Hosting the Apec Summit in November 1994 was Suharto’s supreme effort to whitewash his regime’s repressive past and paint Indonesia as the newest ”Asian Tiger”.
What mostly came across to the world, however, was the image of young East Timorese protesting against the Indonesian occupation of their country within the US Embassy while hundreds of policemen eager to get their hands on them waited impatiently outside. The situation has since deteriorated even more, culminating in the explosion of anti-dictatorship sentiment on July 27, 1996, when thousands of people poured into the streets to protest.
It underlined how little love is lost between the Suharto clique and the people. The discontent continues to deepen, with many analysts interpreting the phenomenon of church burning as really partly a vehicle of protest against the status quo of authoritarianism and growing inequity.
In China, the mix of Confucian values and nationalism has come across as a desperate effort to find a new formula for legitimacy to replace communist egalitarianism. It is also increasingly clear to some observers that it functions as a weak substitute for democratic legitimacy for a jaded generation that has responded to the spiritual vacuum by pouring its energies into money-making.
In Malaysia, one does not need to talk for long to realise the tremendous discontent that lurks beneath the glitzy surface of rising skyscrapers and shiny Mercedes and BMWs as a very large minority, the Chinese, chafe under its politically imposed second-class citizen status in a regime of permanent affirmative action for Malays.
NGOs are tolerated, but those who step out of line are summarily dealt with. Mahathir’s Third World rhetoric was hard put to contain the international damage to his regime’s image that was wreaked by his party’s youth group’s savage busting up of a conference on East Timor last November that resulted in the jailing of most of the participants and expulsion of foreign participants.

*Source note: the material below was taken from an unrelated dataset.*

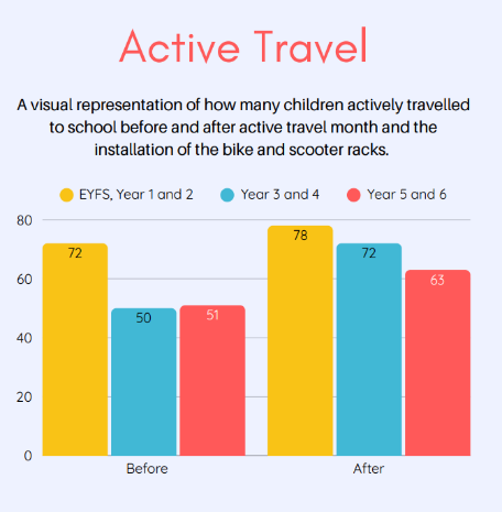 To encourage active travel, we ran competitions to see which class could walk, cycle, or scoot to school the most. New bike and scooter racks were installed so pupils could travel actively with confidence, knowing their belongings were safe. Following Walk to School Week, there was an 11.5% increase in active travel, with around 155 pupils travelling actively every day.

In Malaysia and Singapore, no amount of talk about Asian values has been able to hide the truth among both its citizens and an increasing number of outsiders that the ultimate guarantee of stability is the Internal Security Act, which allows the government to pick up and jail people indefinitely without charging themwith any crime.
Younger leaders
In the more sophisticated Asian political context of the last few years, Lee himself is increasingly seen for what he is a relic of East Asia’s past. One might note that some of the region’s younger leaders, like Deputy Prime Minister Anwar Ibrahim in Malaysia, are distancing themselves from the authoritarian position, at least in rhetoric.
His words in a much-noticed speech given in 1994 was virtually indistinguishable from those of the University of the Philippines Law Centre’s Institute of Human Rights, its sub-text being a disavowal of Mahathir’s hard-line ideological position.
“While we accord high priority to social and economic rights, we must at the same time guard ourselves from stretching the argument too far. Development cannot be used as an apology for authoritarianism. The fact of the matter is that more nations have been impoverished by authoritarianism than enriched by it. By not giving vent to the vices of dissent, wrongs cannot be made right and remedies for failures cannot be made available,” said Anwar.
“Thus the notion that freedom must be sacrificed on the altar of development must be rejected. It is our conviction that only through the ability of every individual, however weak or disadvantaged, to freely articulate his fears and grievances can we hope to bring about a just and caring society. Only by guaranteeing the individual’s right to participate fully in society’s decision-making processes can we confer legitimacy to political leadership and governance, for government derives their just powers from the consent of the governed.”
Walden Bello is a contributing editor of The Nation and co-director of Focus on the Global South at Chulalongkorn University, and professor of sociology and public administration at the University of the Philippines.